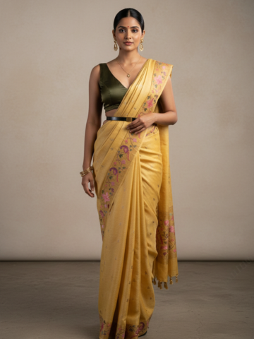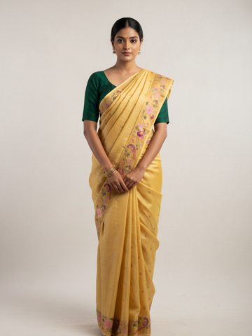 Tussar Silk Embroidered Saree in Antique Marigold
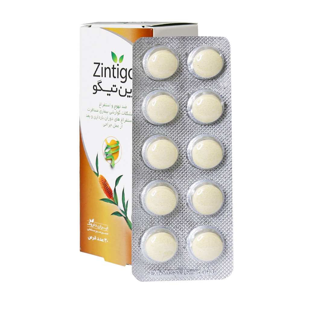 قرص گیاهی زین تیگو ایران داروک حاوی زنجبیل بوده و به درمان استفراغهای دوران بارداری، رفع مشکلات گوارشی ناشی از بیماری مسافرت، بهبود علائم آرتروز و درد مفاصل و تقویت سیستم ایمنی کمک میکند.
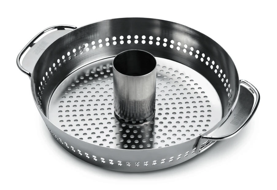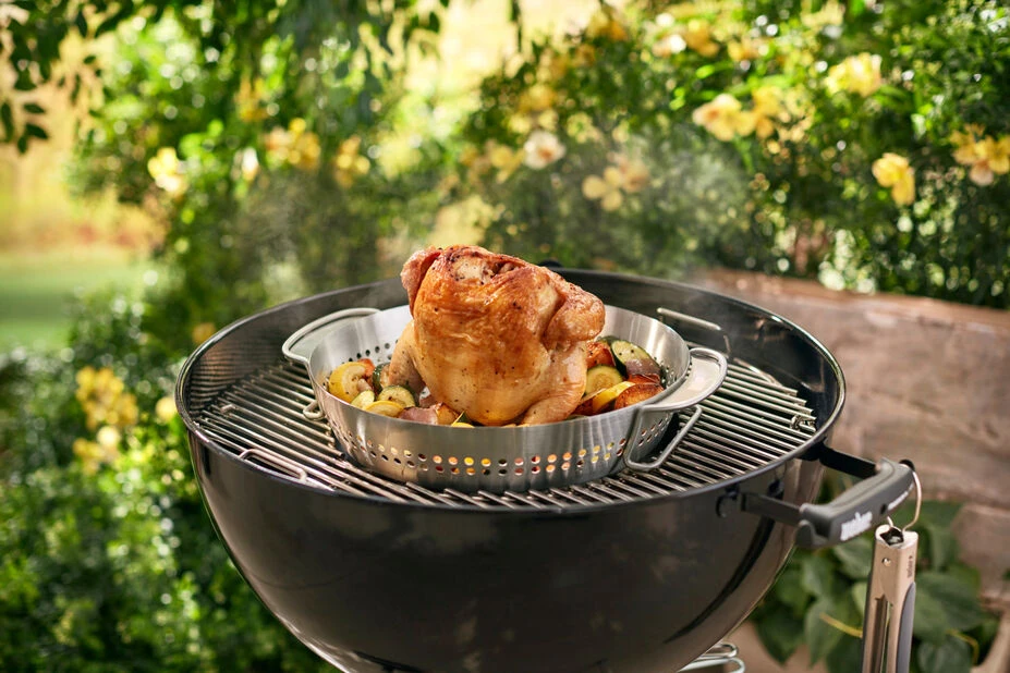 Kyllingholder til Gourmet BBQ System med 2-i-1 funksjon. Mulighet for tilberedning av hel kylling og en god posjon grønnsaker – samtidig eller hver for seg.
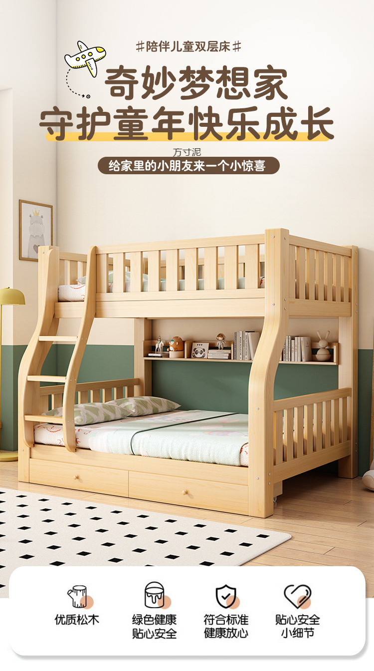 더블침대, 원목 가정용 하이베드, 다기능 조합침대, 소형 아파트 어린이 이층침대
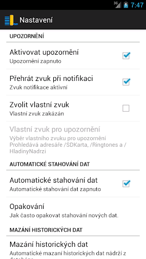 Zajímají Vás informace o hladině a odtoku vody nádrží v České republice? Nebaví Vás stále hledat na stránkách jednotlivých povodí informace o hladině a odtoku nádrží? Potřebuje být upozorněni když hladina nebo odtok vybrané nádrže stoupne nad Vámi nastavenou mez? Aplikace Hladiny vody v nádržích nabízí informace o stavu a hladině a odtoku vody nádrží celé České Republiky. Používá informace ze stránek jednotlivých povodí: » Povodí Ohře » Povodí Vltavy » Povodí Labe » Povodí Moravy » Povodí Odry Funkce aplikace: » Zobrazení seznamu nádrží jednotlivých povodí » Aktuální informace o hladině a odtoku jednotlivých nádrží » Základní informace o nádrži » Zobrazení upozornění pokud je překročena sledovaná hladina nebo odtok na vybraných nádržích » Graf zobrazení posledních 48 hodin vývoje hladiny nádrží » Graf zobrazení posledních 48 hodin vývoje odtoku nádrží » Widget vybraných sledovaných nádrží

****

Look above for the line with "قرص گیاهی زین" and the line with "Kyllingholder til Gourmet". Give again exactly those two lines and all lines between them, pictures excluded.

 قرص گیاهی زین تیگو ایران داروک حاوی زنجبیل بوده و به درمان استفراغهای دوران بارداری، رفع مشکلات گوارشی ناشی از بیماری مسافرت، بهبود علائم آرتروز و درد مفاصل و تقویت سیستم ایمنی کمک میکند.
 Kyllingholder til Gourmet BBQ System med 2-i-1 funksjon. Mulighet for tilberedning av hel kylling og en god posjon grønnsaker – samtidig eller hver for seg.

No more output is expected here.